The consent order includes a $3.7 billion fine. The bank says it has already remedied some of the issues in the settlement.
12/20/2022 3:00 P.M.
1.5 minute read
The Consumer Financial Protection Bureau on Tuesday released a consent order (PDF) outlining several reported violations on borrower accounts and mortgage modifications by Wells Fargo and fined the bank $3.7 billion.
“Consumers were illegally assessed fees and interest charges on auto and mortgage loans, had their cars wrongly repossessed, and had payments to auto and mortgage loans misapplied by the bank,” according to a news release from the CFPB. “Wells Fargo also charged consumers unlawful surprise overdraft fees and applied other incorrect charges to checking and savings accounts.”
The bureau reports the fine includes more than $2 billion in redress to consumers and a $1.7 billion civil penalty. It notes the bank’s actions impacted over 16 million consumer accounts.
The CFPB’s specific findings include that Wells Fargo:
“Unlawfully repossessed vehicles and bungled borrower accounts, improperly denied mortgage modifications, illegally charged surprise overdraft fees and unlawfully froze consumer accounts and mispresented fee waivers,” according to the news release.
The consent order shows Wells Fargo violated the Consumer Financial Protection Act’s prohibition on unfair and deceptive acts or practices.

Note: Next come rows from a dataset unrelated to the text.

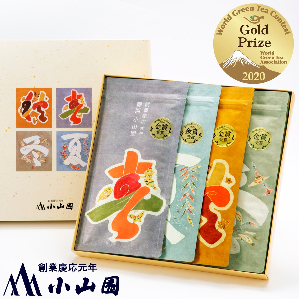 人間国宝・芹沢銈介氏の作品に着想を得て、小山園の茶師・藤田浩介が、仕上げと合組(ブレンド)によってお茶で四季を表現しました。それぞれの季節を感じられることはもちろん、飲み比べていただくことで、変わりゆく季節のはかなさや美しさを感じていただけます。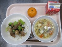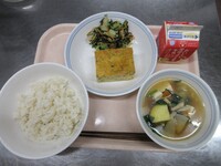 普通、肉豆腐には木綿豆腐を使うことが多いと思いますが、今日は厚揚げを使いました。厚揚げには鉄分やカルシウムなど、成長期や運動する際に摂りたい栄養が豊富です。今週末は運動会です。たくさん食べて、力を発揮してもらいたいです。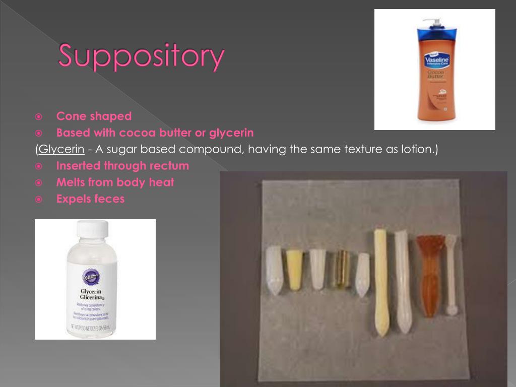 Suppository • Cone shaped • Based with cocoa butter or glycerin (Glycerin - A sugar based compound, having the same texture as lotion.) • Inserted through rectum • Melts from body heat • Expels feces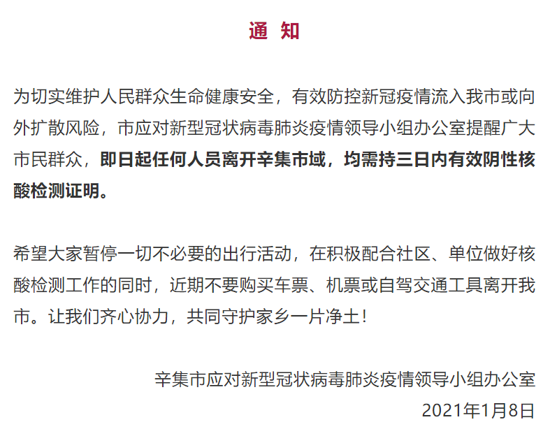据“辛集发布”微信公众消息,为切实维护人民群众生命健康安全,有效防控新冠疫情流入我市或向外扩散风险,市应对新型冠状病毒肺炎疫情领导小组办公室提醒广大市民群众,即日起任何人员离开辛集市域,均需持三日内有效阴性核酸检测证明。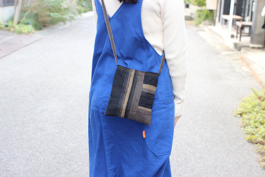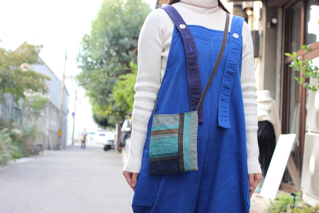 ポシェットは全て一点モノ、ひとつひとつ配色が異なります。大まかな色で記載しております。布地の配色、風景は写真とは異なる場合がございますので、予めご了承下さいますようお願いいたします。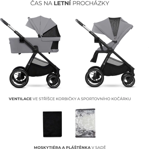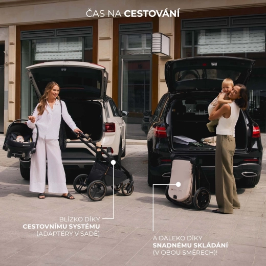 Rodiče ocení intuitivní STOP & RIDE brzdu, magnetickou přezku pro rychlé zapnutí, pratelné potahy a praktické skládání s funkcemi SELF STANDING a AUTO LOCK pro snadné přenášení i skladování. Velký košík unese až 5 kg, a díky univerzálním adaptérům pro autosedačku vytvoříte během chvilky šikovný travel systém. Součástí je bohaté příslušenství: pláštěnka, síťka proti hmyzu, nánožníky, držák na nápoj, přebalovací taška a další.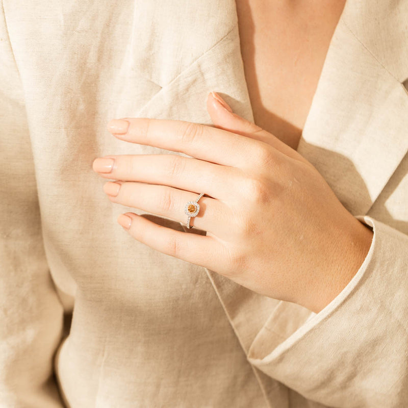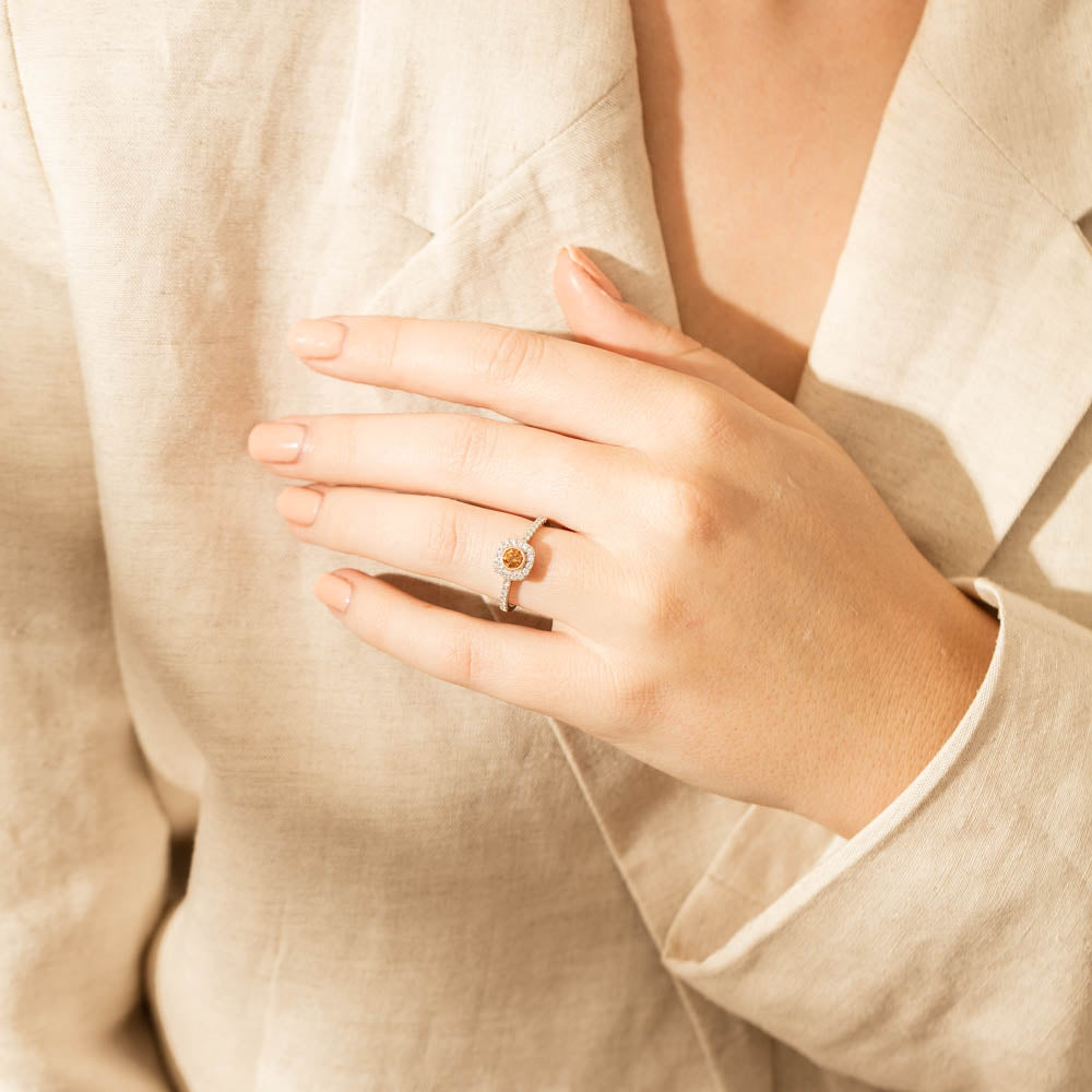 Sweep her off her feet with this dazzling diamond ring. Beautifully crafted in 18ct white gold, this rich yellow diamond is enhanced by a rose gold setting and shimmering round brilliant cut diamonds.A ring to fall in love with.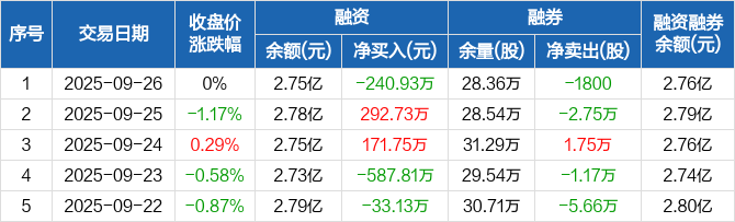 融资方面,当日融资买入616.57万元,融资偿还857.5万元,融资净偿还240.93万元。融券方面,融券卖出100股,融券偿还1900股,融券余量28.36万股,融券余额95.57万元。融资融券余额合计2.76亿元。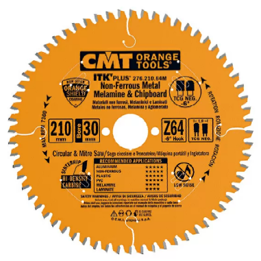 Пильный диск 216x2.2/1.6x30 Z64 TCG NEG -6° CMT для цветных металлов и ПВХ - используется для резки в тяжелых условиях, отлично подходит для тонкостенных материалов и хорошо подходит для толстостенных материалов. Оборудование: ручные дисковые, торцовочные, настольные и специальные пилы. Материал: алюминий, латунь, медь, ПВХ, цветные металлы и композитный материал.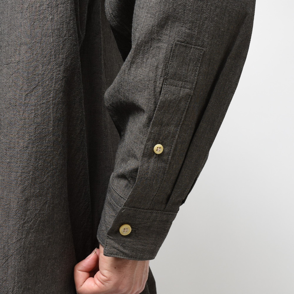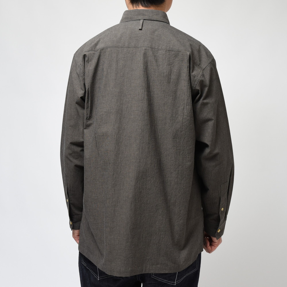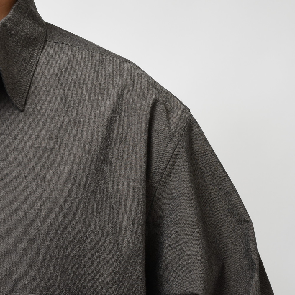 ミリタリーやワークといった要素をベースにしつつ、モダントラディショナルな表現が行われている印象です。こちらのシャツもその一つでして、ややゆったりとしたリラックス感のあるシルエットにサラッと取り付けられたポケット、気負い過ぎずそれでいて上品さも備えた仕上がりに。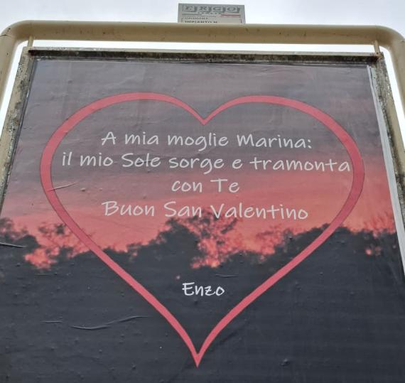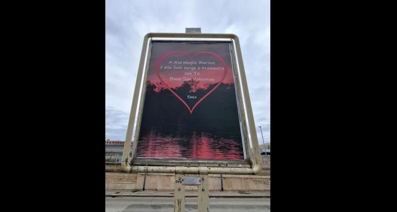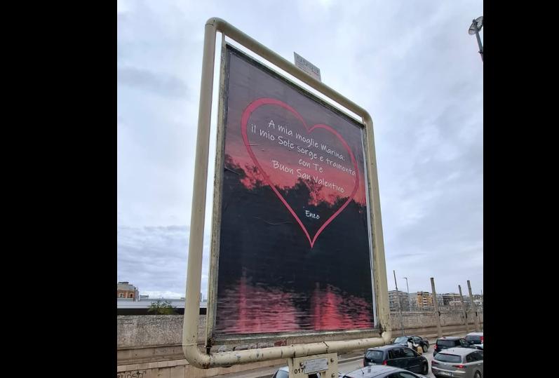 Ma a Bari c'è anche chi opta per un'idea più originale. Su via Capruzzi infatti sono apparsi dei messaggi d'amore per una moglie fortunata, Marina, che nel giorno di San Valentino campeggiano al posto dei classici cartelloni pubblicitari: «Il mio sole sorge e tramonta con te». I messaggi non sarebbero solo su quell'arteria ma anche in altri luoghi della città, come il quartiere Madonnella.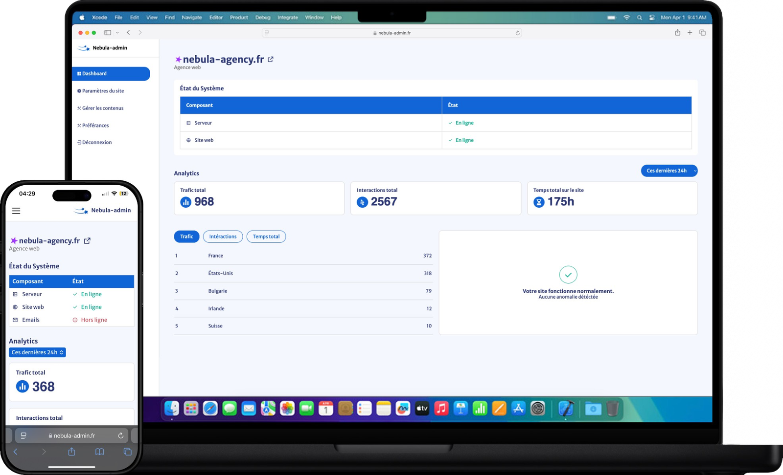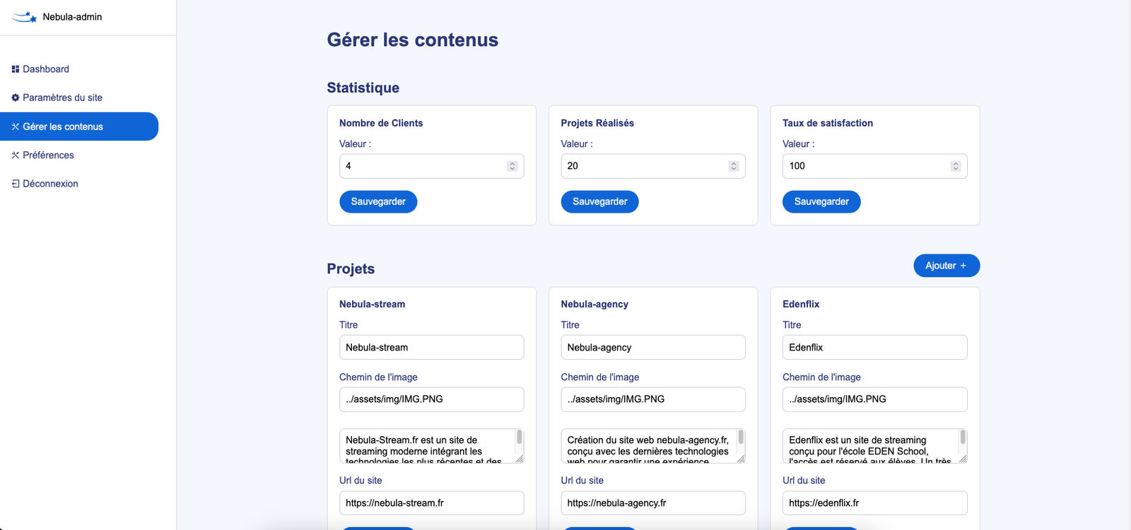 Avec Nebula-Admin, ajoutez, modifiez ou supprimez facilement les sections et contenus de votre site devant être régulièrement mis à jour, en toute autonomie et à tout moment. Grâce à une interface intuitive, mettez à jour les éléments clés de votre site sans compétences techniques et gagnez un temps précieux.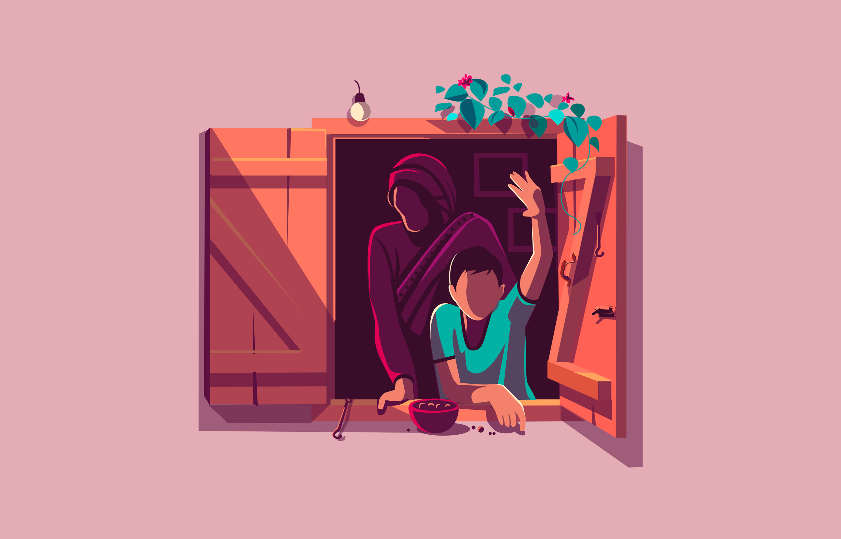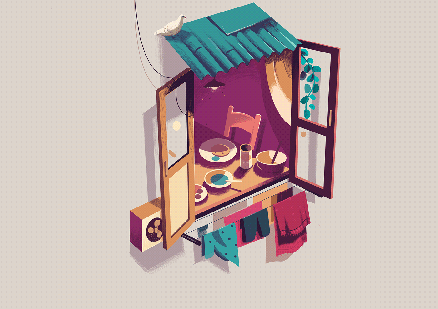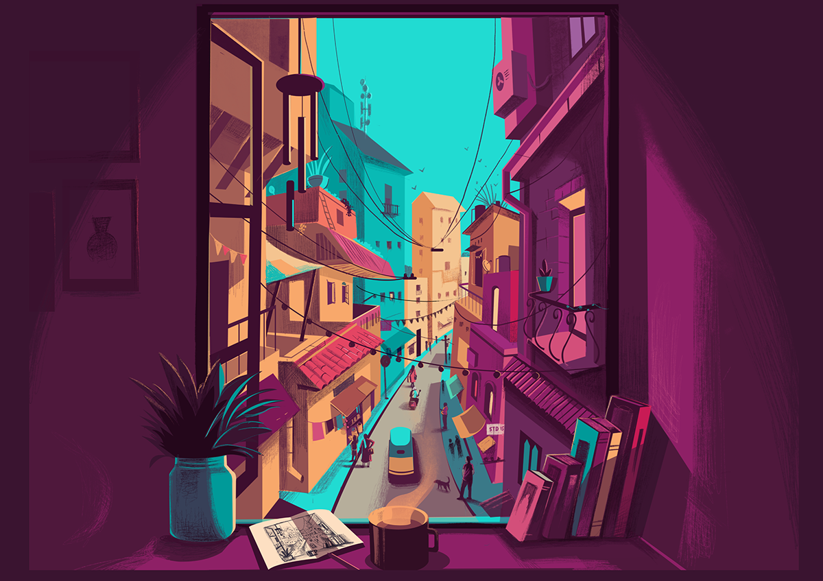 窗户后的人生百态:印度插画师ranganath krishnamani插画作品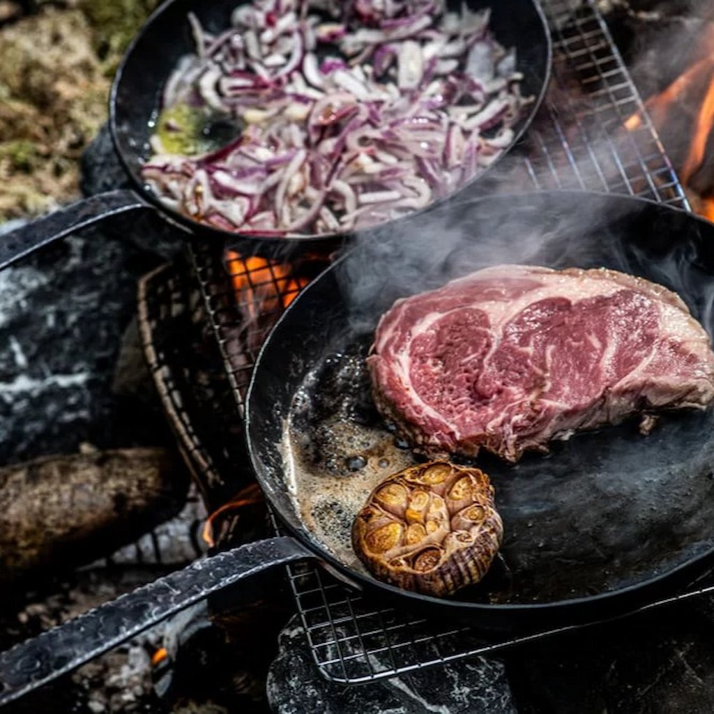 - De stevige geklonken verbindingen en het stevige handvat liggen stevig in de hand en worden zelfs gewaardeerd bij het hanteren van zwaarder voedsel of op een open vuur.

Charlie Scharf, Wells Fargo’s CEO, said in a news release that the “far-reaching agreement is an important milestone in our work to transform the operating practices at Wells Fargo and to put these issues behind us. We and our regulators have identified a series of unacceptable practices that we have been working systematically to change and provide customer remediation where warranted.”